Lifestyle

May Auto Sales a Small Success


Sales rebounded slightly last month as Americans opted for smaller cars—or a deep discount on a big SUV

For those automakers producing fuel-efficient cars, May's sales numbers were a rare ray of sunshine breaking the industry's gloom of recent months.

Overall, sales totaled 1.57 million units, up 5% from 1.49 million units a year earlier before adjusting for one additional sales day in May, 2007, with strong showings from two of the three Detroit automakers.
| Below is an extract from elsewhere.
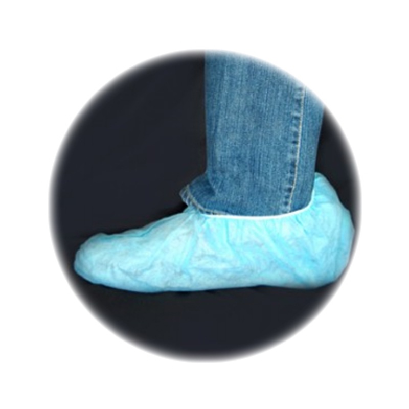 300 pack case of blue polyethylene, water resistant, shoe covers.

The seasonally adjusted annualized rate of sales rose to 16.16 million units from 16.15 million units a year earlier.

As gas prices continue to rise, one of the key factors behind this modest jump is that consumers are continuing their move from trucks to passenger cars and developing a taste for smaller cars and gas-electric hybrids.

Selling Points

Toyota Motor (TM), which last month displaced Ford Motor (F) as the No. 2 U.S. manufacturer, posted a 14% boost in U.S. sales for May, while General Motors (GM), the top U.S. manufacturer, reported sales that were up 9.6% over last year. Both companies showed strength in more fuel-efficient offerings like GM's subcompact Chevy Aveo, up 20% from a year ago.

Toyota enjoyed huge sales gains by the Prius, which rose 180% to 24,000 cars, and the new Tundra, which increased 114% to almost 18,000 trucks. Chrysler's passenger vehicle sales, including Chrysler, Jeep, and Dodge models, rose 4.3%. "Fuel efficiency is becoming one of the top purchase factors," said Randy Pflughaupt, vice-president of marketing for the Toyota division.
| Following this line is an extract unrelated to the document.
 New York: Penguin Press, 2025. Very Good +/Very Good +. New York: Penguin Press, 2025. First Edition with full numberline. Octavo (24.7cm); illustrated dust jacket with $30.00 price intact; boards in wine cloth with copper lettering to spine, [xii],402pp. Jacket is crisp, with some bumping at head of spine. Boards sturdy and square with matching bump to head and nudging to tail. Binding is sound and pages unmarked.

News at Ford was less celebratory, with a reported 3% drop in retail sales. The company continues to suffer from a lack of refreshed and redesigned products. In May, Ford's passenger car sales fell 18% and sales of trucks and sport-utility vehicles were flat. GM claims it has a fuel-efficiency edge over Ford for pickups, which has helped during a period of overheated gas prices.

Sweetening the Pot

But while consumers are responding to fuel efficiency and smallness, they're also responding to deep price cuts and other incentives. The average U.S. auto incentive in May was $2,497 per vehicle, up $44, or 1.8%, from April, and $123, or 5.2%, from May of last year, according to Edmunds.com. Financing as low as 1.9% on Ford's redesigned Expedition helped sales jump 20%, revealing that some consumers may be more interested in a bargain than in cutting carbon emissions. GM's big Suburban SUV was up 23%. At the same time Toyota is offering big incentives, more than $5,000 including dealer incentives, to sell its redesigned full-size Tundra pickup.
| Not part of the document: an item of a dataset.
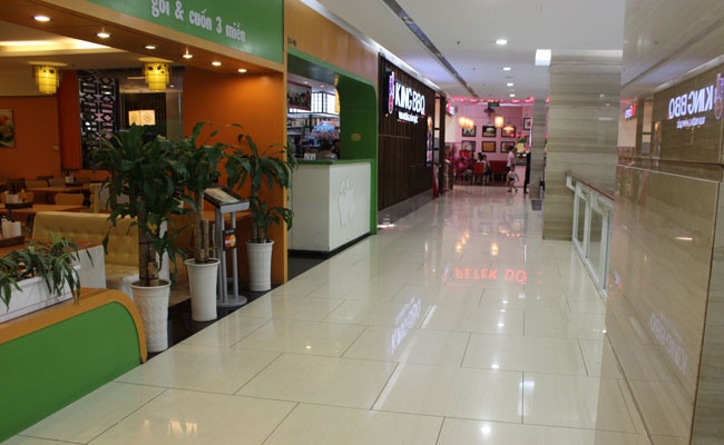| Ngoài khu ăn uống trên tầng 7 còn đông khách, các gian hàng khác khá ảm đạm. |

Some gas guzzlers are doing well even without incentives. Chrysler reported a 20% surge in Jeep sales due in part to runaway popularity of the new, redesigned four-door Wrangler launched last fall. While it only gets about 16 mpg, the SUV is flying off dealer lots without any sales incentives. Wrangler sales in May were up 115% over the same month a year ago, and sales are up 84% on the year. "It has been quite a sales phenomenon," says Jeep brand spokesman James Kenyon.

A "Gathering Storm"

Still, efficiency looks poised to beat out bulk in the long run. May's sales numbers for smaller cars, more fuel-efficient vehicles, and increased interest in gas-electric hybrids may be more than a passing fancy or a temporary reaction to spiking gas prices.

With the 2008 Presidential race in full swing, debates and speeches happening almost weekly, there are repeated reminders from candidates, as well as the White House, that tailpipe emissions are a growing problem for the U.S., and that Americans should be rethinking their vehicle purchases. "Call it a gathering storm in the early stages, but people who wouldn't have traded out of SUVs are doing so with greater frequency in part because of the abundance of rhetoric and social pressure not to buy a gas guzzler," says independent marketing consultant Dennis Keene.

As gas prices begin to trickle downward, all eyes will be on auto sales numbers in the coming months, to see whether American consumers are really losing their lust for big cars.

Herbst is a reporter for BusinessWeek in New York. With David Kiley and David Welch.